A trading venue where participants buy and sell contracts based on their beliefs about future events.

#Market vs. Event

  • Event: The real-world thing happening (e.g., "The Super Bowl").
  • Market: The specific contract you trade (e.g., "Chiefs to win Super Bowl").

A single event can spawn dozens of markets (Winner, Point Spread, MVP, Coin Toss). Don't confuse the broad event with the specific rules of the market you are trading.

#Definition

A Market is the trading infrastructure that enables participants to express their beliefs about future outcomes through buying and selling. In prediction markets specifically, a market is created around a specific question or event, allowing traders to stake money on different possible outcomes.

#Market Structure

#Core Components

Every market has:

  1. Question/Proposition: What is being forecasted

    • "Will it rain tomorrow in NYC?"
    • "Who wins the 2024 election?"
  2. Outcomes: Possible results

    • Binary: YES/NO
    • Categorical: Candidate A/B/Other
    • Scalar: Final score, price level
  3. Trading Mechanism: How trades execute

  4. Price: Current market price (implied probability)

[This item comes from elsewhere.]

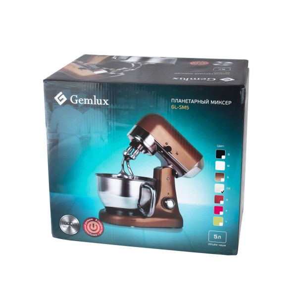 Настольный планетарный миксер Gemlux GL-SM5CR предназначен для замеса дрожжевого и бездрожжевого теста различной вязкости, взбивания яиц, сливок, кремов и муссов, приготовления пюре, фарша и т.п. Оборудование имеет восемь скоростей вращения мешалки и режим «пульс» (кратковременное включение на максимальной мощности). В комплект поставки входят:
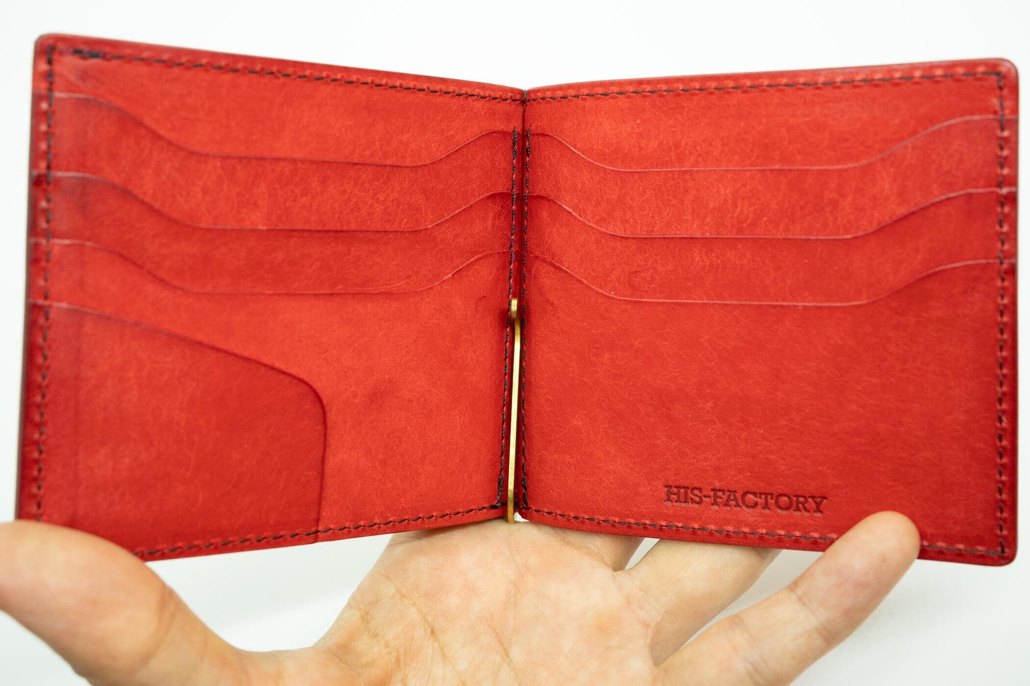 【特価セール】ヒズファクトリー 小銭入れ付きマネークリップ (Newクロ×パパベロ/ステッチ色反転)

    • 65¢ on YES = 65% probability
  5. Liquidity: Available capital for trading

    • Order book depth
    • AMM pool size

#Market Anatomy Diagram

#Market Lifecycle

Created → Open → Trading Active → Closed → Resolved → Settled
   ↓         ↓          ↓            ↓         ↓          ↓
 Rules    Orders    Volume       Stop      Oracle    Payouts
  set    placed    builds     trading   determines distributed
                                        outcome

#Market Types by Outcome Structure

#Binary Markets

  • Two possible outcomes: YES/NO
  • Most common type
  • Simple, liquid, easy to understand
  • Example: "Will Trump win the election?"

#Categorical Markets

  • Multiple mutually exclusive outcomes
  • Winner-takes-all resolution
  • Example: "Who wins Best Picture?" (10 nominees)

#Scalar Markets

  • Outcome is a number within a range
  • Market resolves to position on scale
  • Example: "What will be the final vote percentage?" (0-100%)

#Conditional Markets

  • Outcome depends on another event
  • "If X happens, will Y happen?"
  • Example: "If Candidate X wins, will unemployment be <4%?"

#Market Types Map

#Market Types by Mechanism

#Order Book Markets

How it works:

  • Users post limit orders (buy/sell at specific prices)
  • Orders match when bid meets ask
  • Continuous double auction

Platforms: Kalshi, traditional exchanges

Pros:

  • Price discovery through competition
  • Control over execution price
  • Deep liquidity when popular

Cons:

  • Requires market makers for liquidity
  • Can have wide spreads on niche markets
  • More complex for beginners

#AMM Markets

How it works:

  • Liquidity pool provides continuous pricing
  • Constant function determines price (e.g., x*y=k)
  • Trade directly against pool, no counterparty matching

Platforms: Polymarket (CLOB + AMM), Omen

Pros:

  • Always available liquidity
  • Simple for users (market orders only)
  • Works for long-tail markets

Cons:

  • Slippage on large trades
  • Less efficient price discovery
  • Impermanent loss for liquidity providers

#Parimutuel Markets

How it works:

  • All stakes go into pools
  • Winners split the pool proportionally
  • No intermediary price, just pool ratios

Platforms: Some horse racing pools

Pros:

  • No counterparty risk
  • Simple to understand
  • No spread/fees until resolution

Cons:

  • No continuous pricing
  • Can't exit before resolution
  • Final odds unknown until close

#Market Quality Indicators

#High-Quality Markets

Clear resolution criteriaDeep liquidity ($10k+ volume) ✅ Tight spreads (<2% bid-ask) ✅ Diverse trader base (not dominated by one large player) ✅ Active trading (frequent price updates) ✅ Reputable creator/platform

#Low-Quality Markets

Ambiguous rulesLow volume (<$100) ❌ Wide spreads (>10%) ❌ Single large trader dominanceStale prices (no updates for hours/days) ❌ Questionable resolution source

#Market Creation

#Platform-Created Markets (Kalshi)

  • Curated: Platform staff design markets
  • Standardized: Follow templates and regulations
  • Quality controlled: Legal and compliance review
  • Limited selection: Only pre-approved events

#User-Created Markets (Polymarket, Manifold)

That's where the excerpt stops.